Featured

Amish schools ask Supreme Court to uphold their right to refuse vaccinations in New York

Three Amish schools in New York have petitioned the Supreme Court, asking the justices to rule that the First Amendment supersedes a state law requiring that school children be vaccinated.

Most states allow for religious exemptions from mandatory vaccinations for children to attend schools. However, four states have recently eliminated religious exemptions. One of them is New York, which did away with faith-based exemptions in 2019, according to the Amish schools’ filing.

“Today in New York, if a vaccine would harm your lungs, you may be exempted; but if it would harm your soul, you may not,” reads their petition, filed Thursday. “This makes New York an outlier. Forty-six other States (and the District of Columbia) allow religious exemptions to their school vaccine requirements.”

The challengers are three members of the Amish faith and three Amish schools in rural New York. They are represented by First Liberty Institute.

They asked in their filing that the high court decide if a state law that rejects religious exemptions but allows secular ones for medical reasons runs afoul of the First Amendment. They also asked the high court to revisit the precedent, Employment Division v. Smith. Religious liberty advocates have long wanted the high court to take another look at that decision.

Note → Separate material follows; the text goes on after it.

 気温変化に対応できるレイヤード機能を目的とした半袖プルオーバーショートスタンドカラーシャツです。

It would take four justices to vote in favor of hearing the dispute for oral arguments to be granted next term, which begins in October and runs through June 2026.

The 2nd U.S. Circuit Court of Appeals sided against the Amish schools, reasoning that the high court’s ruling in 1990 in Employment Division v. Smith allowed New York’s vaccine requirement.

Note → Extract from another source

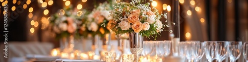 Romantic Wedding Reception: Elegant peach and ivory floral centerpieces take center stage at a beautifully decorated wedding reception, illuminated by warm candlelight and fairy lights.

In Smith, the justices ruled that religion does not exempt individuals from abiding by state law so long as it is generally applicable.

In that dispute, a man was fired for ingesting peyote as part of his Native American faith. He petitioned for unemployment benefits from the state, but was denied due to his firing being related to workplace misconduct regarding the drug use.

He had argued that denial violated his First Amendment rights, but the high court — in an opinion written by the late Justice Antonin Scalia — disagreed.

The Amish argue that N.Y. Public Health Law § 2164 gives children the option to be excused from vaccines for medical reasons but not for religion. A violation of the state law results in a $2,000 fine.

The Amish do not believe in vaccines, which they view as contrary to their faith.

The case is Joseph Miller, Ezra Wengerd, Jonas Smucker, Dygert Road School, Pleasant View School and Shady Lane School v. James McDonald, New York’s Commissioner of Health.

A spokesperson for Mr. McDonald did not immediately respond to a request for comment.